Ese nombre me abriga
en un mundo salvaje de hierro y frío;
ese nombre está hecho de plumas
que me traen la gracia del sueño.
[pág. 80]

En ti está la residencia
de mi Sol creciente [pág. 81] 

Mientras estemos juntos
no morirá la noche [pág. 82] 

tus ondas rompen la distancia
y hacen manar la hondura de la
vida [pág. 85] 

tus labios abren el arca del
misterio [pág. 90] 

 

Esta serie se extiende en muchas otras variaciones del mismo lugar común de todo mal poema adolescente, con la diferencia de que en el adolescente no resulta ridículo.

 

IV  

Luego de tanto traspiés, llegar al libro cuarto es un verdadero alivio. "Cantos griegos" recrea un tono y unos temas de la tradición clásica con una sobriedad de la que carece el resto del libro. Algunos poemas recuerdan los devaneos de Anacreonte; otros, los mejores, evocan la inteligencia crítica de Arquiloco de Paros, aquel que nunca prescindió de la ironía para nombrar las miserias del poder: 

Los candidatos a próceres
aguardan con impaciencia
la erección de su propio monumento. 

Ya prepararon el auditorio
que los envolverá en aplausos. 

En breve llegará Medusa
y gozarán para siempre el privilegio
de ser transformados en piedra.

 

Por fin observamos intuiciones que presiden y articulan los poemas, evitando la poesía de lugar común y lo impreciso. Empero, el autor no demora en tornar a los malos pasos. 

"Garabatos de otro mundo", libro quinto, es la oportunidad para que el poeta revele su amplio trasegar por el mundo y su conocimiento de la literatura universal.

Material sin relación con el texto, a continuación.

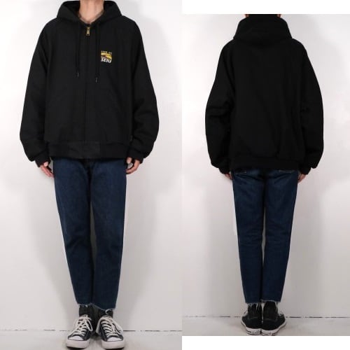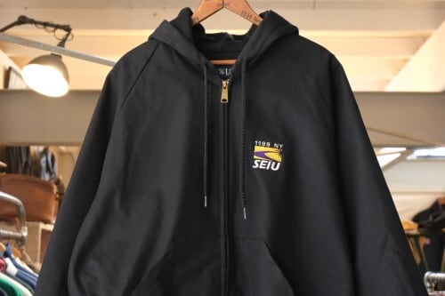 ボウリング・シャツのブランドとして有名な1937年創業の"KING LOUIE"からアクティブ・ジャケット(90年代/アメリカ製)。シェルに厚手でしっかりとした100%コットン・ダック地を使用し、内側に張られたメッシュ・ライニングによる通気性が魅力のアイテムです。リラックスした着用に適したボリュームあるシルエット、すっきりとした見た目を生むラグラン・スリーブ、フード付き、スラッシュ・ポケット、そして左胸に刺繍で入る"1199 NY SEIU/ Service Employees International Union"のロゴがアクセントとなっています。着用の上で問題となるダメージ汚れはございませんが、全体的に着用感のあるUSEDコンディションですのでご理解の上ご検討ください。細身のボトムスにざっくり羽織るとバランスよくまとまり、合わせるものを選ばずカジュアルな装いを楽しんでいただきたいジャケットです。

Claro que cualquiera con mediana formación en geografía, historia y literatura prevé que un poema sobre Verona tendrá alusiones a Shakespeare y al sistema volcánico de la península itálica; supondrá que si Ganges, entonces vacas, y si Tánger, entonces camellos, y si sor Juana, entonces menos "inquisidor que no pudo descifrar su secreto", y si Hangzhou, entonces "La multitud cabalga y cabalga! sobre dos mundos atados con una varilla:/ la bicicleta equinoccial". Y puede ser que no acertemos algunas, pero entonces hablaríamos de test de cultura general o de guías turísticas, no de un libro de poesía.

 

V  

Con "Cuaderno ruso" llegamos al final del libro. Dieciocho de los dieciséis textos llevan epígrafes de poetas rusos, y se desarrollan como digresiones en verso de cada uno de ellos. Valerse de epígrafes conlleva un doble dilema: si son de autores muy conocidos, se corre el riesgo de resultar inferior al interlocutor con quien se pretende dialogar (los epígrafes de Eluard, A. Arturo, Tasso, Esquilo, la madre del Castillo y Antonio Machado con los que el autor comienza cada uno de los libros dan sobrada cuenta de ello); si, por el contrario, son desconocidos, como en la mayor parte de nuestro caso, el desprestigio amenaza no sólo a quien hace las citas: también compromete al autor que no tiene la culpa de ser citado:

PALABRAS 

No son muchos los profetas verdaderos...
Dmitri Venevítinov 

No estorbéis al hombre que sueña,
Dejad que con sus alas libres
Se remonte a las alturas. 

No toquéis su silencio
Abrasado por la inspiración.
El nos traerá el brío de la infinitud
Detendrá los ríos con su canto
Para que puedas contemplar el brillo. 

No estorbéis al hombre que suena...
Y si queréis hacerle homenaje,
Pule tu propio sueño.
No lo humilléis con laureles.

 

No se salva ni el título, ni el epígrafe del pobre Venevítinov, ni el poema, por supuesto. Al igual que en los libros anteriores, unas cuantas excepciones se pierden en medio del descalabro imperante. 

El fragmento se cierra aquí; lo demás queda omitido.